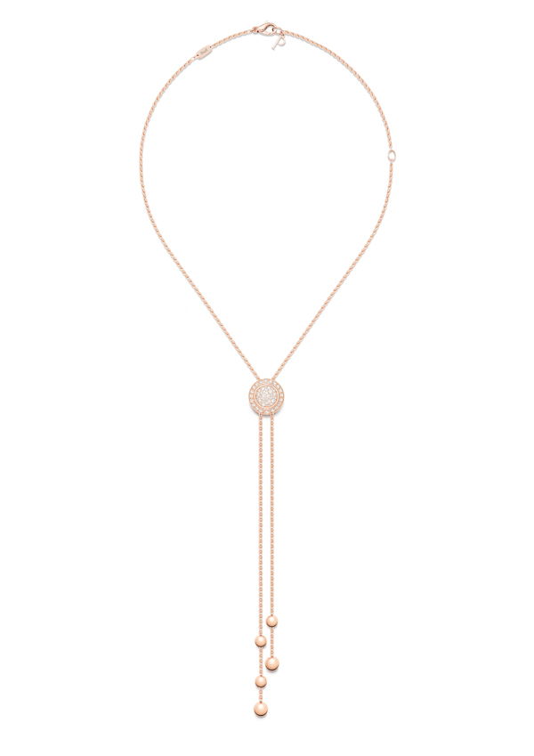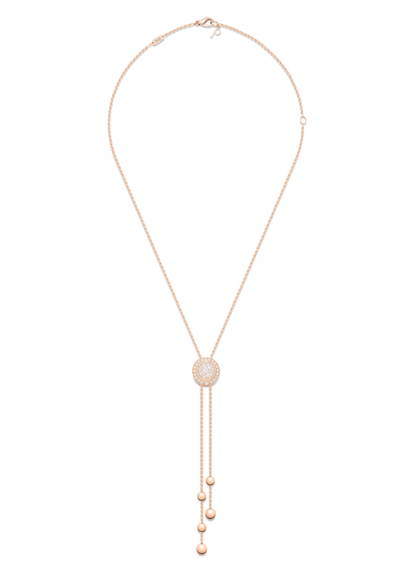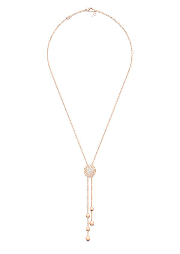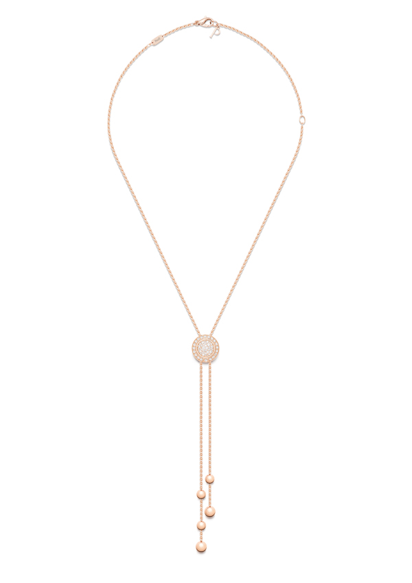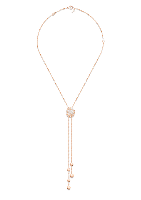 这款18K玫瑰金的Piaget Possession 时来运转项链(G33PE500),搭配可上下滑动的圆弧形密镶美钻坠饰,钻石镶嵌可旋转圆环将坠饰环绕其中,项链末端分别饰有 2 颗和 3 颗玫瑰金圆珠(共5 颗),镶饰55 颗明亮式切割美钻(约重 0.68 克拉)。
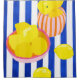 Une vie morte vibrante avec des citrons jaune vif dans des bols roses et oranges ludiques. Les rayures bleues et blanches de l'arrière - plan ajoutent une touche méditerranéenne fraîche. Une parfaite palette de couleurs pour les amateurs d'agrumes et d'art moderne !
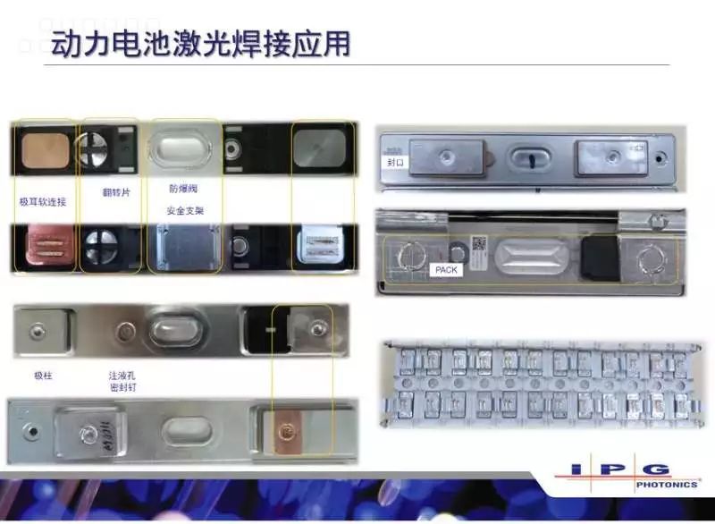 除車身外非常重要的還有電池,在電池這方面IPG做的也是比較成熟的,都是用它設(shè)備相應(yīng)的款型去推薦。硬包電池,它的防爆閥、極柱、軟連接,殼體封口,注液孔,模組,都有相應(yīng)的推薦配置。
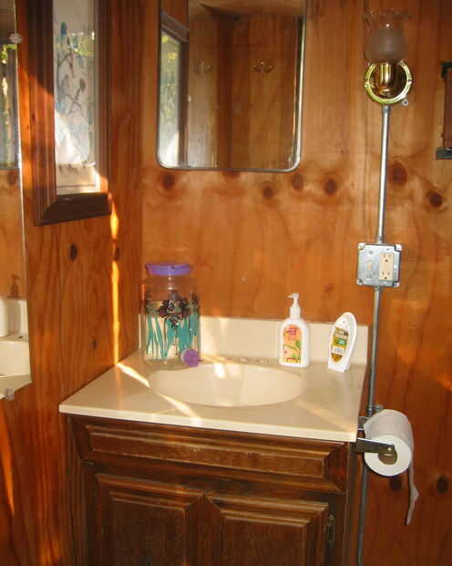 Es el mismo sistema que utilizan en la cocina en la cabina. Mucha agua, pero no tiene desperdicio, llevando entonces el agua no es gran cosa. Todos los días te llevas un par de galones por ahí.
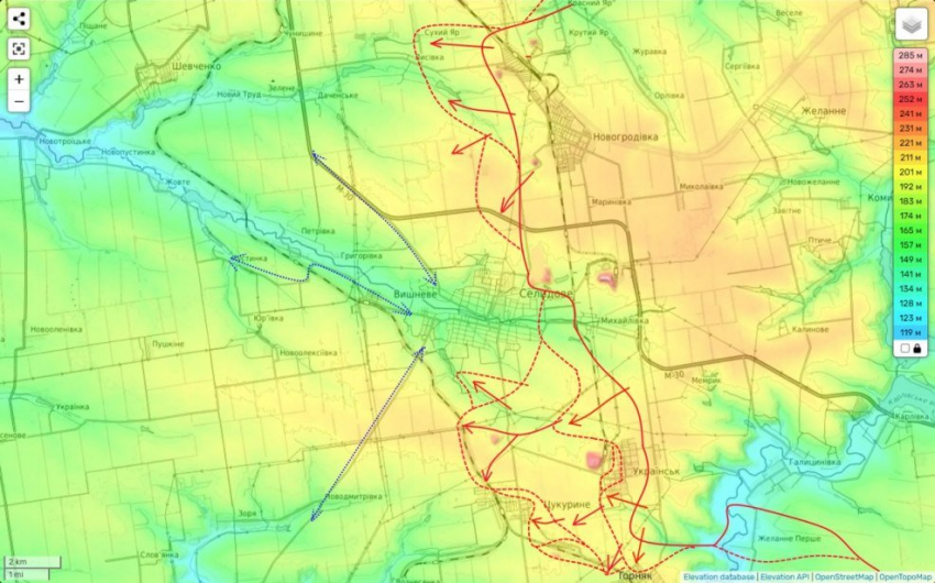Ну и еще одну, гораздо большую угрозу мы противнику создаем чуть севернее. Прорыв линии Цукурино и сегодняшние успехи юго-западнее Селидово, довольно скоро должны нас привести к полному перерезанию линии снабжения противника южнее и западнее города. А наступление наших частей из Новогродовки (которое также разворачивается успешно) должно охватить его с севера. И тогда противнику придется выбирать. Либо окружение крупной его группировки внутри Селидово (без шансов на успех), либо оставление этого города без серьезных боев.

▸ Instructions to follow
What you return should be only the exact lines from the top of the entries through the line with "Es el mismo", minus the pictures.

▸ Response area
 这款18K玫瑰金的Piaget Possession 时来运转项链(G33PE500),搭配可上下滑动的圆弧形密镶美钻坠饰,钻石镶嵌可旋转圆环将坠饰环绕其中,项链末端分别饰有 2 颗和 3 颗玫瑰金圆珠(共5 颗),镶饰55 颗明亮式切割美钻(约重 0.68 克拉)。
 Une vie morte vibrante avec des citrons jaune vif dans des bols roses et oranges ludiques. Les rayures bleues et blanches de l'arrière - plan ajoutent une touche méditerranéenne fraîche. Une parfaite palette de couleurs pour les amateurs d'agrumes et d'art moderne !
 除車身外非常重要的還有電池,在電池這方面IPG做的也是比較成熟的,都是用它設(shè)備相應(yīng)的款型去推薦。硬包電池,它的防爆閥、極柱、軟連接,殼體封口,注液孔,模組,都有相應(yīng)的推薦配置。
 Es el mismo sistema que utilizan en la cocina en la cabina. Mucha agua, pero no tiene desperdicio, llevando entonces el agua no es gran cosa. Todos los días te llevas un par de galones por ahí.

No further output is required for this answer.